August 6th, 2008, 01:39 AM
Hi all, I am new to this site and hope maybe some of you have some advice. I have an 11 month old Male Cane Corso, which is an Italian Mastiff. He was flown here from Europe when he was 11 weeks old. I got him in Nov. 2007. He is a great dog and has always been a very laid back puppy but he hates being alone. We noticed about a week after we got him that he escaped from his crate which I returned and got a vari-kennel instead, he also broke the gate right off it. Well to make a long story short I had put him in a kennel this past weekend and he completely rubbed his nose raw. i dont even know why I left him cause I just felt sick to my stomach worrying about him.
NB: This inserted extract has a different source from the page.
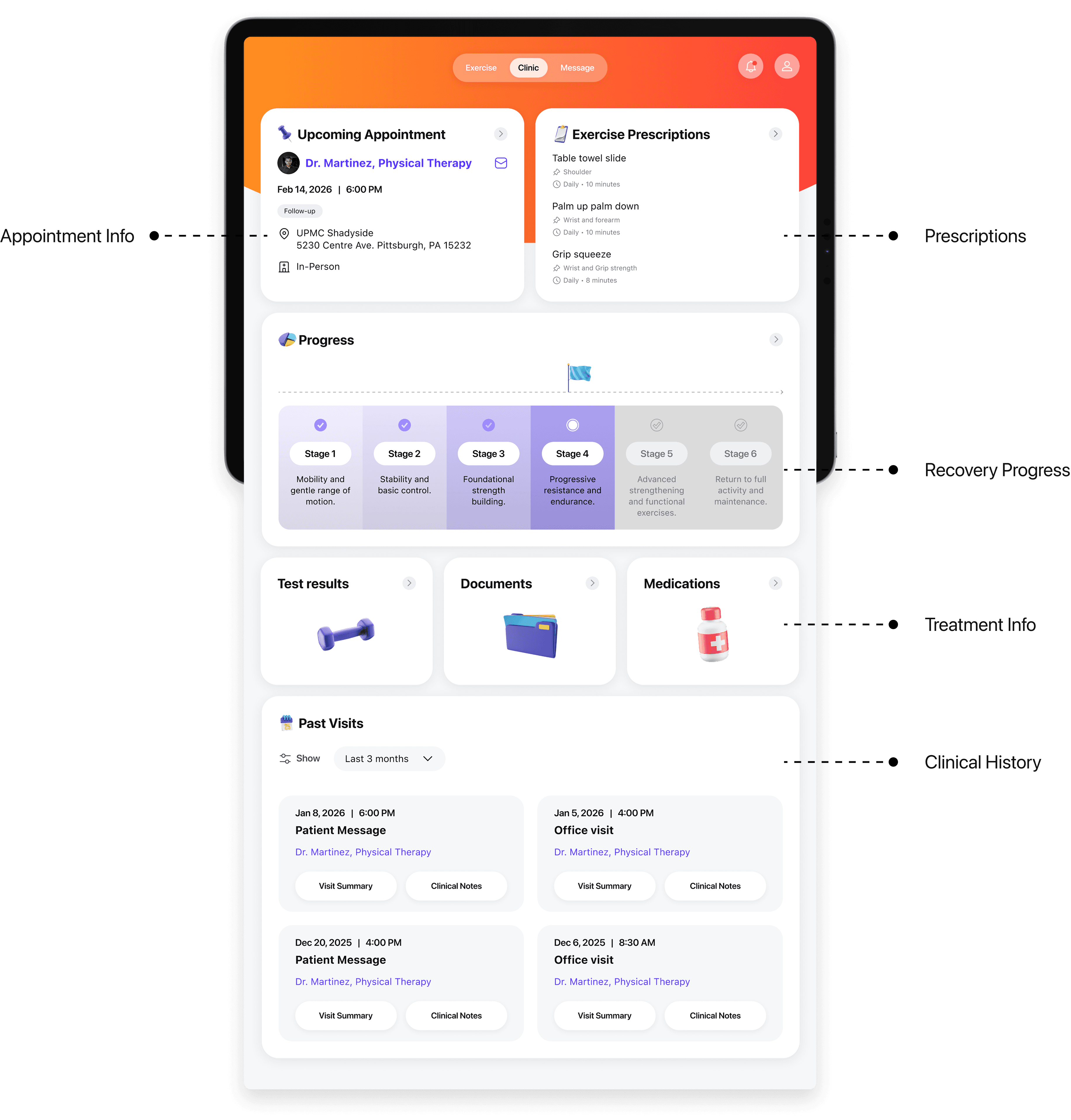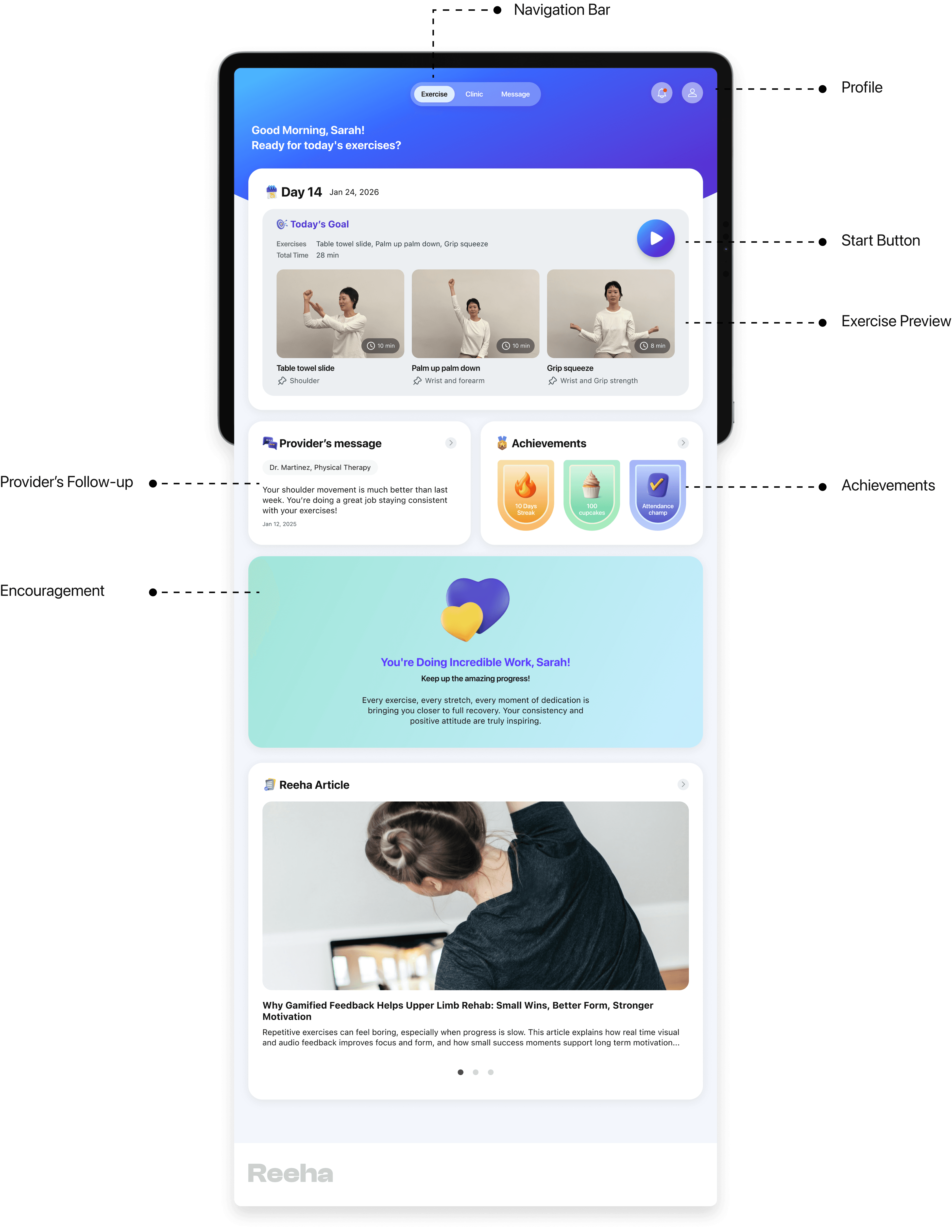 The home page focuses on momentum. It reduces friction at the start of each day and keeps users oriented, motivated, and engaged throughout their rehabilitation journey.

I have not been seperated from this dog since Nov. When I go out for under an hour I leave him a meat bone and he does ok but any longer than that and he will scratch at the garage door cause he thinks that he can get to us. I have tried phermones, kongs filled with peanut butter. Any info you can give, books or advice would be great cause I do not want to have to put him on anxiety drugs. My dog is just not happy unless he can see you. I did forgot to mention that he has not chewed anything in the house only scratched at the frame around the door so I had to wash white pay prints that were all over the house. He also whines and barks. I don't even try the kennel as I am afraid that he will hurt himself.
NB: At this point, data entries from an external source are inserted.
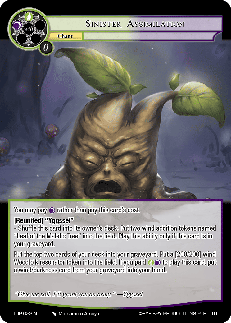 Put the top two cards of your deck into your graveyard. Put a [200/200] wind Woodfolk resonator token into the field. If you paid [G][D] to play this card, put a wind/darkness card from your graveyard into your hand.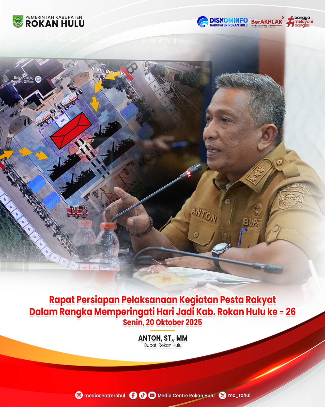 Rohul | KUJANGPOST.com – Menjelang pelaksanaan malam puncak pesta rakyat dalam rangka Hari Jadi Kabupaten Rokan Hulu (Rohul) ke-26 tahun yang berlangsung pada tanggal 25 nanti, Bupati Rohul Anton, ST, MM memimpin rapat finalisasi persiapan di Ruang rapat Rumah Dinas Bupati, Senin (20/10/2025).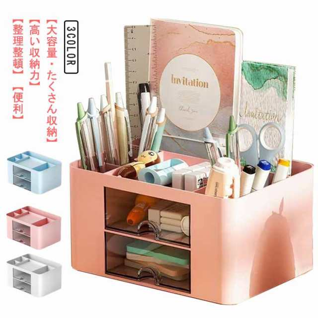 ペン立て 整理 収納ボックス 卓上収納ボックス 整頓 引き出し デスク周り 卓上 文房具 収納ケース 小物収納 便利 化粧品収納 ラスチック 大容量 おしゃれ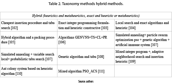 Eleven hybrid methods found in the papers consulted, combining metaheuristics and exact methods heuristics to obtain better solutions to the problem are presented in table 2.
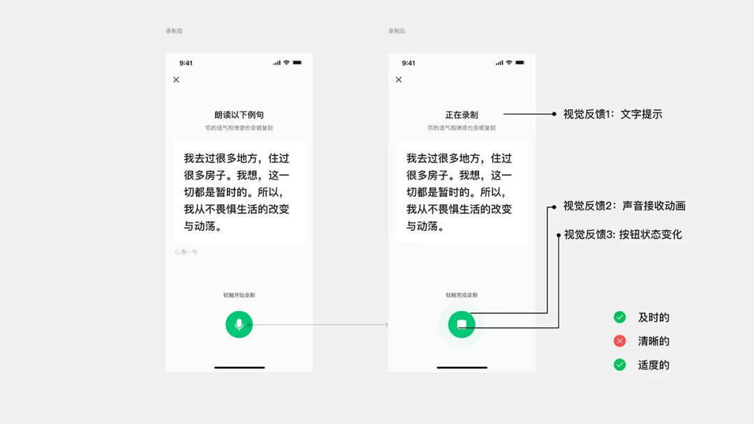 在啟動(dòng)音頻錄制的關(guān)鍵節(jié)點(diǎn),如何確保用戶(hù)明確感知界面狀態(tài)切換,并及時(shí)開(kāi)始朗讀,是本案例的設(shè)計(jì)重點(diǎn)。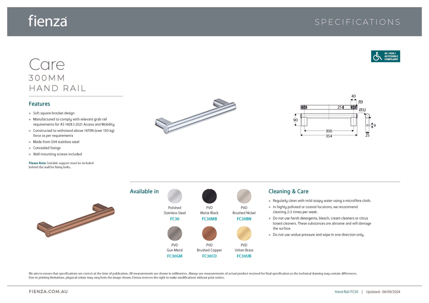 - Manufactured to comply with relevant grab rail requirements for AS 1428.1:2021 Access and Mobility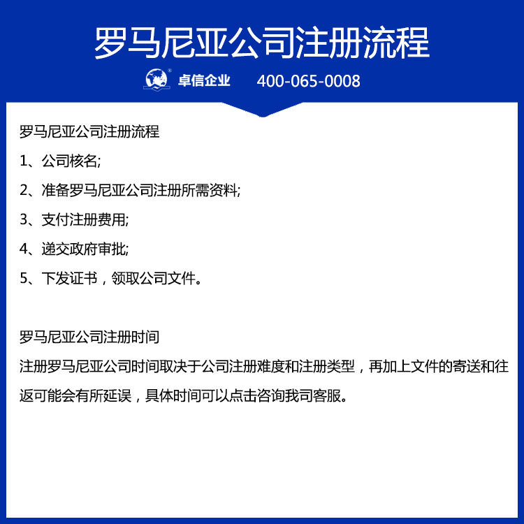 罗马尼亚支持公司全程线上注册,提交材料后审批周期约 7 - 14 个工作日,名称预核准更是 1 个工作日内就能完成核验。同时对投资者身份限制宽松,有限责任公司仅需 1 名股东即可设立,股东和董事不限国籍,也可由自然人或法人担任,决策与管理结构简单,方便企业灵活调整运营策略。
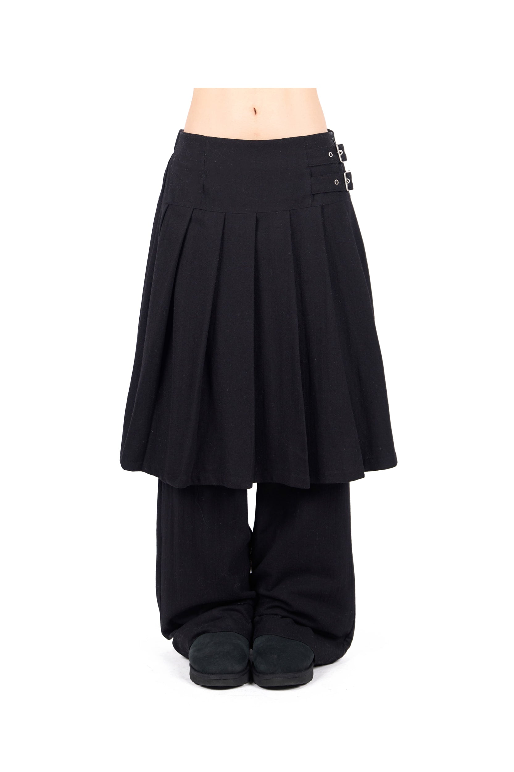 WOOL BUCKLE PLEATS SKIRT PANTS

October 15th, 2008, 03:23 AM
October 15th, 2008, 09:38 PM
Have you tried lengthening the time away from your dog gently (increasing by small increments how much time you are apart from each other?)? Are you triggering anxiety with the same departure routine? Just something to think about. I've got my own probs with my Sophie. Good luck!
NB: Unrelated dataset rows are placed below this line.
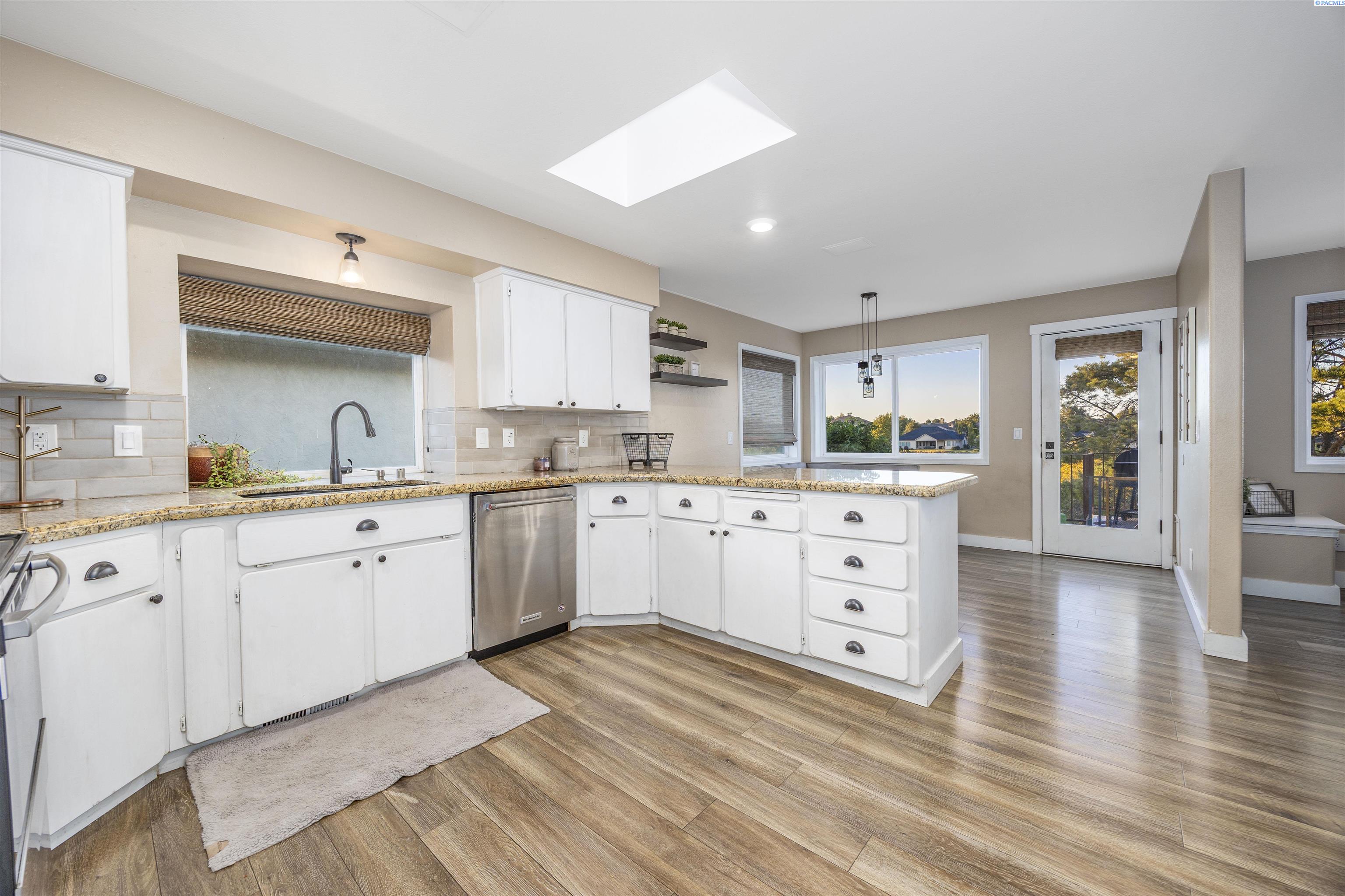 MLS# 287590 NEW PRICE!! GOLF COURSE FRONTAGE! Welcome to this stunning Canyon Lakes home, perfectly positioned on the 1st hole with sweeping golf course views! This beautifully maintained rambler with finished basement offers nearly 4,000 sq. ft. of comfortable living space, featuring 4 bedrooms and 3 bathrooms. Thoughtful updates add confidence and value, including a newer HVAC system (approx. 5â7 years old) and the previous owner installed a 50-year roof ensuring peace of mind for years to come. Step inside to discover beautiful new laminate wood flooring throughout the main level, expansive windows showcasing stunning golf course views, and a fireplace for the upcoming chilly months. An inviting dining area sits just off the living room, offering the perfect space for entertaining or enjoying meals with loved ones. The kitchen has been refreshed with painted cabinets, and a new backsplash, and offers granite countertops, a breakfast bar, and a sunny eating nook with access to the deckâideal for morning coffee. Additional updates include a new front door, custom interior doors with updated hardware, fresh paint, new baseboards, and stylish new light fixtures. Several skylights enhance the bright, airy feel of the home. A craft room with a charming barn-style door provides flexible space that could serve as a den, office, or hobby room. The main-level primary suite features a bay window w/window seat, a spacious closet and bathroom with a soaking tub, shower, and dual-sink vanity. A large laundry room with utility sink, folding counter, and built-in cabinetry adds convenience. On the lower level, a spacious family room with its own fireplace provides ample room to relax or gather, along with additional living space and abundant storage throughout. Outdoor living is equally impressive with a Trex deck that spans across the entire back of the home, ideal for entertaining or soaking in the sunset views. This home boasts a freshly painted exterior, stylish new garage doors, and a convenient lower-level golf cart storage room for easy access to the greens. Nestled on a quiet cul-de-sac in The Villas at Canyon Lakes, this community offers access to a clubhouse, community pool, and tranquil streets with no thru-traffic. With exciting renovations planned at the award-winning Canyon Lakes Golf Course, now is the perfect time to invest in this highly sought-after neighborhood. Donât miss the chance to enjoy spectacular golf course living!
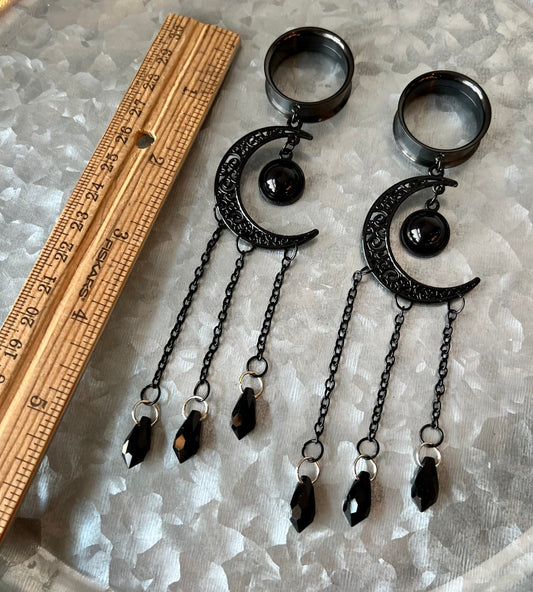 PAIR of Unique Black Filigree Moon Dangle Internally Threaded Dangle Screw Fit Tunnels -Gauges 2g (6mm) thru 1" (25mm)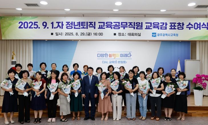 내고향뉴스 고광만 기자 | 광주시교육청은 29일 본청 대회의실에서 9월 1일자로 정년퇴직하는 교육공무직원에 대해 교육감 표창을 수여했다.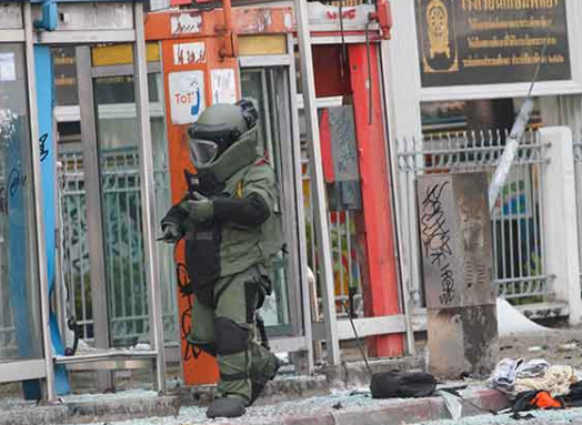 According to this local news story, at 2pm today an Iranian man hurled a bomb at Thai police officers on a street called Sukhumvit 71, outside Kasempithaya School. Unfortunately, the man must be a terrible thrower (either that or Fate decided to give him a really really bad day), because the bomb hit a tree, bounced right back at him, and exploded. Five people were injured, including Our Favourite Bomb Throwing Suspect #1. Truly an awful afternoon for him and the people around him.

October 15th, 2008, 11:47 PM
I had this problem with my dog when we moved, dealing with it required a lot of restraint.
When I would get home, my first reaction was to go to my dog and calm her down and reassure her that everything was OK. But this is the worst thing you can do for a dog with separation anxiety. It's hard, but when you get home and your dog is excited and seeking reassurance you have to ignore him. Which means no eye contact, petting or anything until he reaches an appropriate level of calm. Once he is calm you can praise him all you want.
The same goes for when you leave the house. You need to treat your leaving as no big deal. Which means no petting, goodbyes or treats. Get what you need ready a little beforehand, put your dog somewhere he will be entertained and wont injure himself (do it without talking to him) and then go.
See, in dog language petting and fussing over a dog when they are upset isn't saying "I'm sorry, I missed you, too." but rather "You were right to be upset. Something horrible could have happened."
You can also give it a few practice runs with varied lengths of time away. My dog managed to get the point in about a week or so. And she had been so bad she would urinate on the floor if she thought I was even contemplating leaving. She still gets a little upset when she sees me get my shoes, but she deals with it well.